Peng Peng Gong
Peng Peng Gong press reviews
Peng Peng, piano.
San Diego Arts
First came Lang Lang and then Peng Peng - both appearances courtesy of the La Jolla Music Society.
Lang Lang's rep is large enough to draw an audience to Copley Symphony Hall (where the artist played January 21), but the lesser known Peng Peng was assigned to the smaller and overall more desirable auditorium of the Neurosciences Institute in La Jolla. His recital there yesterday provided an auspicious start to the Chinese New Year celebrations which run for about the next two weeks. Apparently the Year of the Pig is not as bad as it sounds. I gather the "Year of the Boar" is a much more accurate translation, but someone must have thought "boar" sounds even worse.
If the advent of Peng Peng can be called an auspicious omen, the boar's year should be a lucky one indeed.
Peng - if I may take the liberty of using his first name - played what we critics like to call "an ambitious recital," but for an accomplished artist like this one, taste rather than technical considerations doubtlessly dictates what he plays. What would "ambitious" signify to such a preternaturally gifted artist? Peng has a phenomenal technique, but what distinguishes him from a large crowd of empty keyboard dazzlers is his true musicality. He is the real thing - an artist of both physical skill and intellectual insight.
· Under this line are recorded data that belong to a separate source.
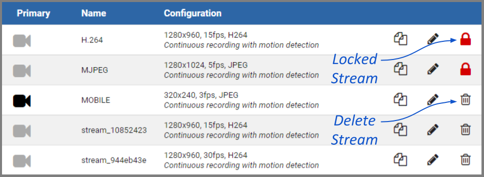 - To remove a single camera stream, go to the Streams List for a given camera and identify the stream you want to delete.
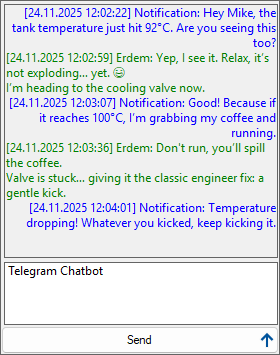 - Receiving Messages: When the external party (Telegram user) replies, their response appears in the chat window on the SCADA screen (displayed in the defined IncomingMessageColor).
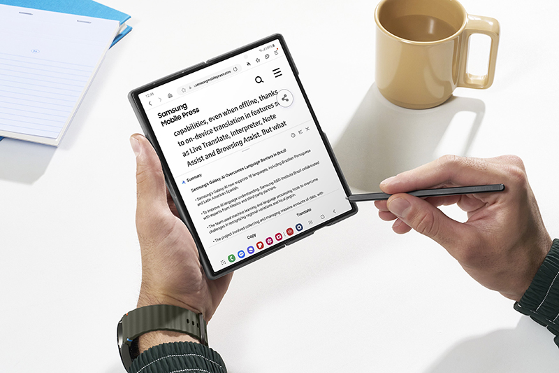 Работает Galaxy Z Fold6 под управлением Android 14 с оболочкой OneUI 6.1.1 и набором опций Galaxi AI, использующих искусственный интеллект.
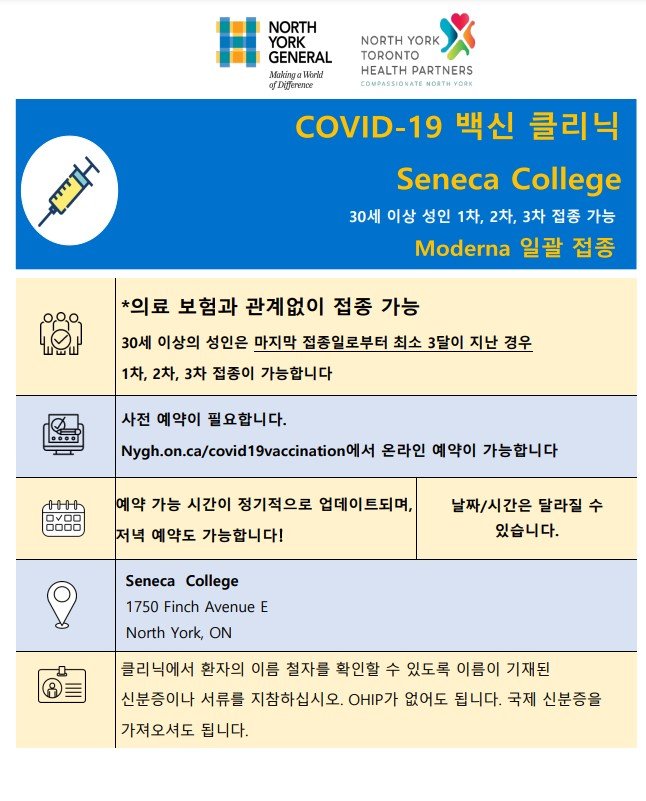 세네카 칼리지에서 1차, 2차, 3차 백신 접종이 가능합니다.

You can hear this in every note, every phrase he plays. He is a superb judge of dynamic contrasts, he knows how to shift from dramatic passages to limpidly lyrical ones, he obviously loses himself in what he's doing, and he moves over the keys with stunning articulation. He thoroughly understands the profound stylistic differences between the compositional styles. As his career progresses he is going to mature artistically. As things stand now, one is compelled to compare him with the greatest of pianists.
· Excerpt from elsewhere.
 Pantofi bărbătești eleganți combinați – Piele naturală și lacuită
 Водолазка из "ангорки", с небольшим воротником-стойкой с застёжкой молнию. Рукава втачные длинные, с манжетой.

The program was - or was supposed to be this one:
Mozart: Sonata No. 14 in C Minor, KV 457
Chopin: Ballade No. 4, Op. 52
Rachmaninoff: Sonata No. 2 in B-flat Major, Op. 36
Schumann: Carnaval, Op. 9
Schubert/Liszt: "Gretchen am Spinnrade" and "Auf dem Wasser zu singen"
It's unclear exactly why Peng changed the order of the pieces, placing the Chopin work in the number-one position after the intermission and then eliminating the Schubert/Liszt transcription altogether. It's also not clear why he did not play an encore for his worshipful audience, but I personally do not think anything could have topped what he had already played. Quitting while you're ahead - way ahead - makes good sense to me.
In the Mozart sonata that opened the concert, one knew this young man knows his way around the works of one of the most challenging the old masters. Peng gave the "rocket" theme of the Allegro a Beethoven-like emphasis while tackling the contrasting subject matter with suave lyricism. Though he could do it if he wanted, he eschewed the boring pointillist articulation that affects so many shallow Mozart interpreters today. Peng's peddling, by the way, was appropriately sparing.
The Rachmaninoff, one of several works in which the composer seems to be searching for a memorable theme, Peng gave us a performance that would have been more appropriate in Hollywood Bowl. One problem with the vaunted acoustics of the Neurosciences Institute is audio-sensory overload whenever someone goes large scale. I could have done without this piece - though Peng played it brilliantly.
After intermission Peng showed his exceptionally keen understanding of both Chopin and Schumann - the latter composer being in many ways more challenging than the former. In fact, Peng's playing of Carnaval was his most impressive achievement. Several moments were profoundly moving. The artist was also careful to project a sense of stylistic unity even as he passed over the 21 distinctly contrasting character pieces that make up this familiar masterpiece.
So, there you have it folks. Another wonderful classical pianist from China.
Oh - did I mention it? Peng Peng is only 14 years old.